» Instructions for the task
When you transcribe the listing that follows, keep every line exact and skip any picture.

» Data shown
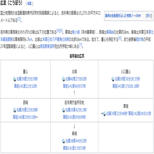 岩手県の記事を例にとりましょう。この広袤という節には、四至(東端・西端・南端・北端)、そして県庁と人口重心と、図形としてみた時の重心、以上7つの座標が纏まっています。
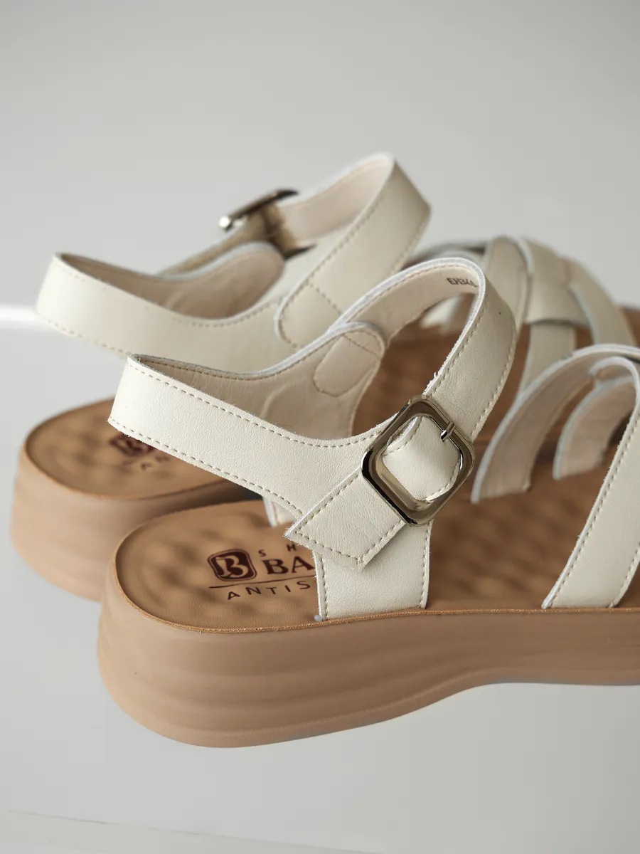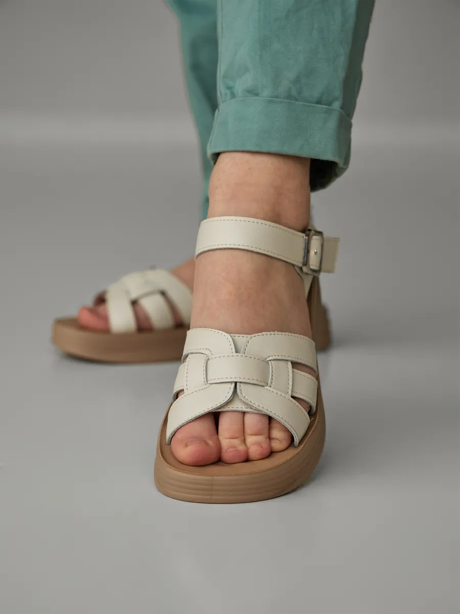 Эта модель из натуральной кожи создана для тех, кто стремится к гармонии между стилем и практичностью. Бежевый цвет делает босоножки универсальными, позволяя им легко сочетаться с платьями, юбками, сарафанами и лёгкими брюками, добавляя образу нотку свежести и элегантности. Лаконичный дизайн с открытым носком и пяткой обеспечивает естественную вентиляцию, предотвращая перегрев ног даже в самые жаркие дни.
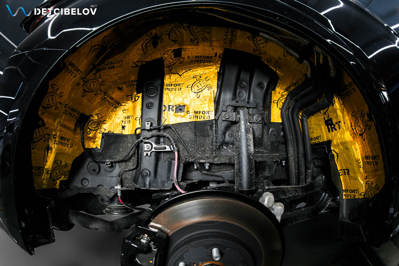 Финальным этапом шумоизоляции будет шумоизоляция колесных арок. Это позволит нам существенно усилить эффект снижения шума, издаваемого резиной автомобиля. Сначала снимаем 4 подкрылка, обезжириваем их поверхность и наносим следующие слои.

» The answer
 岩手県の記事を例にとりましょう。この広袤という節には、四至(東端・西端・南端・北端)、そして県庁と人口重心と、図形としてみた時の重心、以上7つの座標が纏まっています。
 Эта модель из натуральной кожи создана для тех, кто стремится к гармонии между стилем и практичностью. Бежевый цвет делает босоножки универсальными, позволяя им легко сочетаться с платьями, юбками, сарафанами и лёгкими брюками, добавляя образу нотку свежести и элегантности. Лаконичный дизайн с открытым носком и пяткой обеспечивает естественную вентиляцию, предотвращая перегрев ног даже в самые жаркие дни.
 Финальным этапом шумоизоляции будет шумоизоляция колесных арок. Это позволит нам существенно усилить эффект снижения шума, издаваемого резиной автомобиля. Сначала снимаем 4 подкрылка, обезжириваем их поверхность и наносим следующие слои.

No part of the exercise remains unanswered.